Carsten Schneider betonte zwar, die Bundesregierung mache mit dem Programm einen wichtigen Fortschritt. »Aber ich bin nicht naiv. Weitere Fortschritte werden nötig, aber auch möglich sein.« Auch die Energieexpertin Claudia Kemfert vom Deutschen Institut für Wirtschaftsforschung (DIW) lobt zwar sinnvolle Ansätze. »Insgesamt wirken die angekündigten Emissionseinsparungen jedoch zu optimistisch gerechnet und sind mit erheblichen Unsicherheiten behaftet, da sie stark auf Förderprogramme und freiwillige Effekte setzen.« 

Der Direktor des Potsdam-Instituts für Klimafolgenforschung, Ottmar Edenhofer, beklagte, es fehle an glaubwürdigen Instrumenten, die klare Anreize setzten, auf E-Autos oder Wärmepumpen umzusteigen.
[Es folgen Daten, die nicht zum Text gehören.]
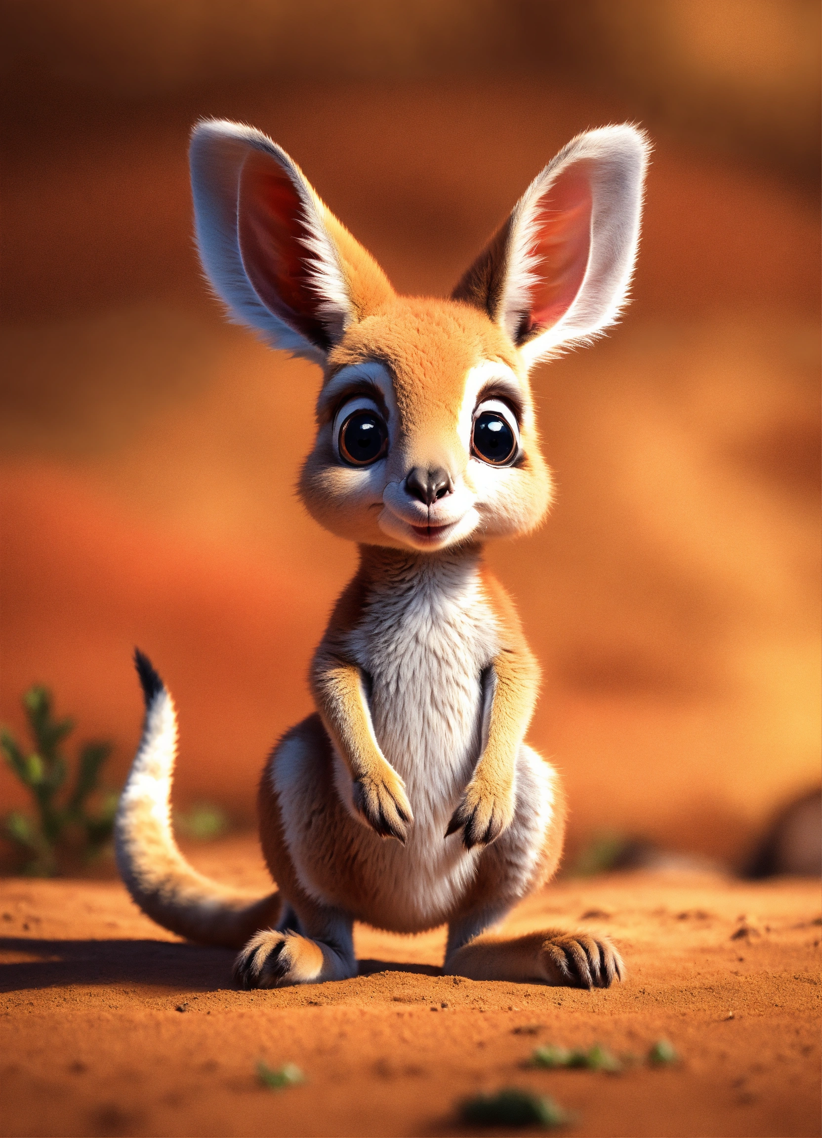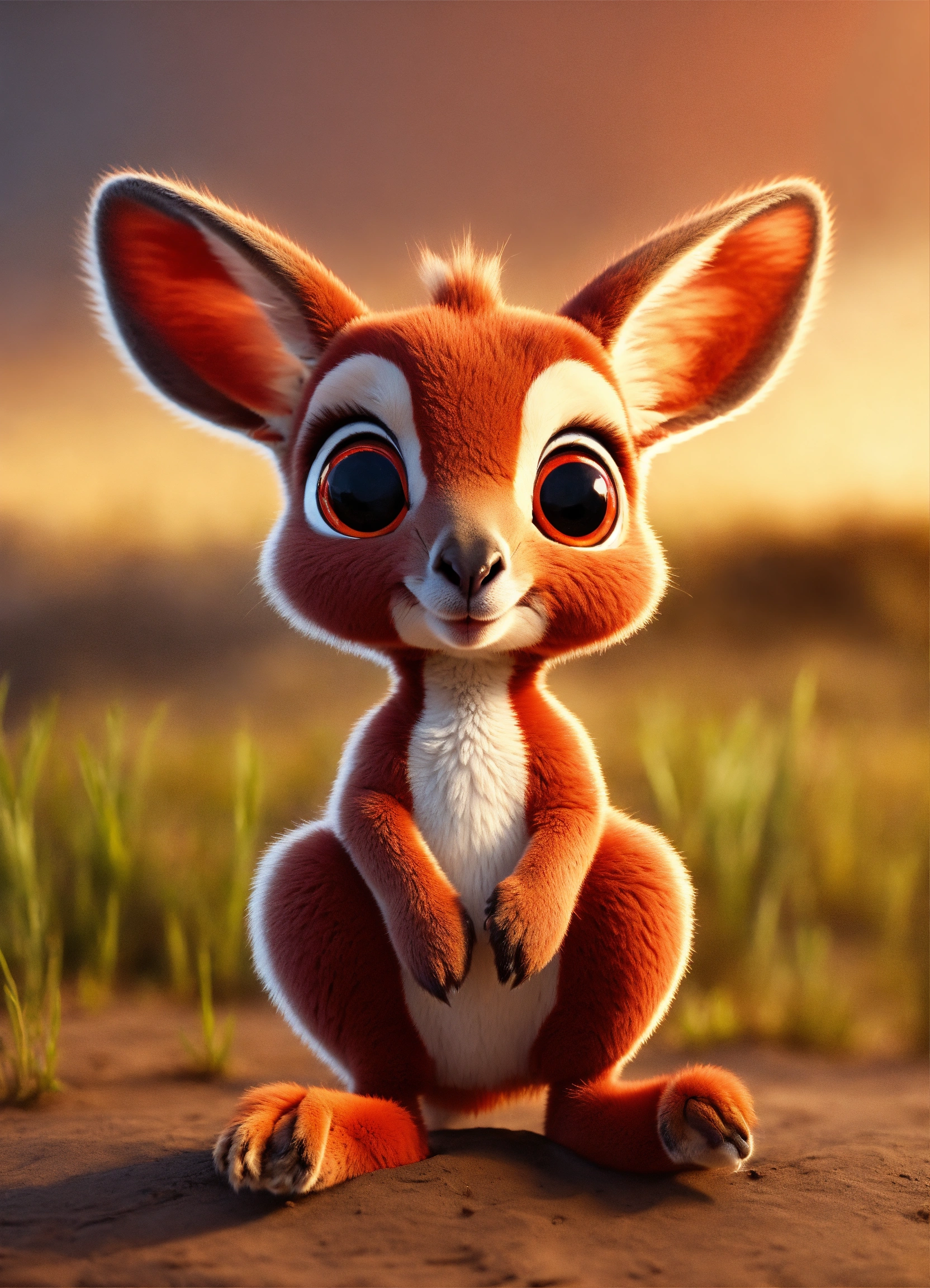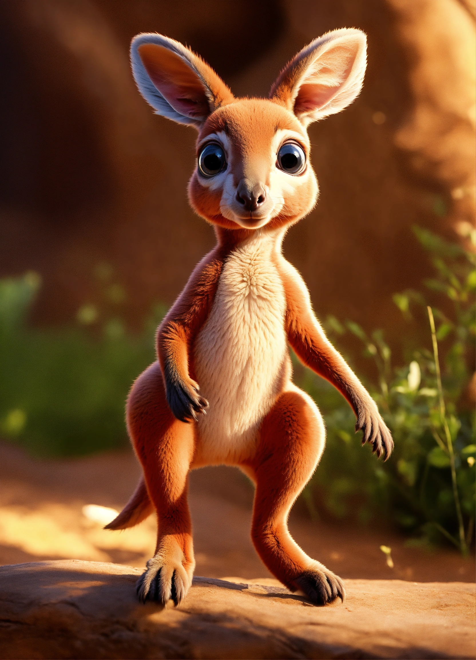 A cute all red baby kangaroo with big eyes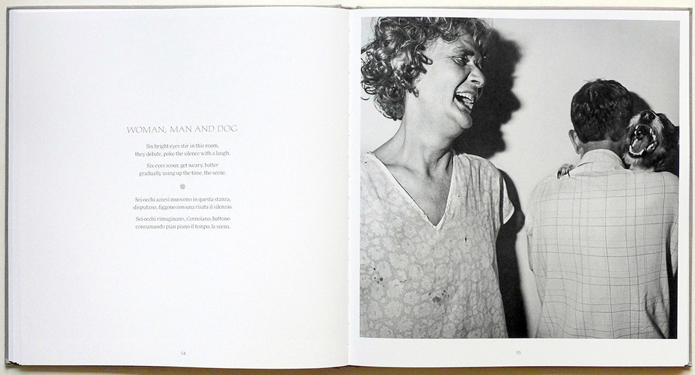 A total of 63 images from Ballen’s work between the years 1995 and 2017, a period of 23 years, are included. On the left, each double page presents the poetic texts written in response to the images, while the photographs are always on the right. There is an index of titles and years taken at the end of the book. The images are mostly in square format, as we are accustomed to from most of Ballen’s work. Occasionally we have horizontals or verticals, which add extra tension. As always, all the photographs are in black and white, so that we pay attention to figure, form, composition, and light and shadows, and we can supply our own emotional overtones to the images. They are beautifully printed on generously-sized pages.

Die Deutsche Umwelthilfe will auf Nachbesserungen am Programm klagen. Die Deutsche Industrie- und Handelskammer wiederum warnte vor kleinteiligen Klimaschutzvorgaben und Bürokratie.

Grünen-Fraktionschefin Katharina Dröge nannte das Programm »eine dreiste Täuschung«. Während Schneider ein paar zusätzliche Klimaschutzmaßnahmen verkünden dürfe, arbeite Wirtschaftsministerin Reiche jeden Tag daran, den Klimaschutz kaputtzumachen. (dpa/AnL)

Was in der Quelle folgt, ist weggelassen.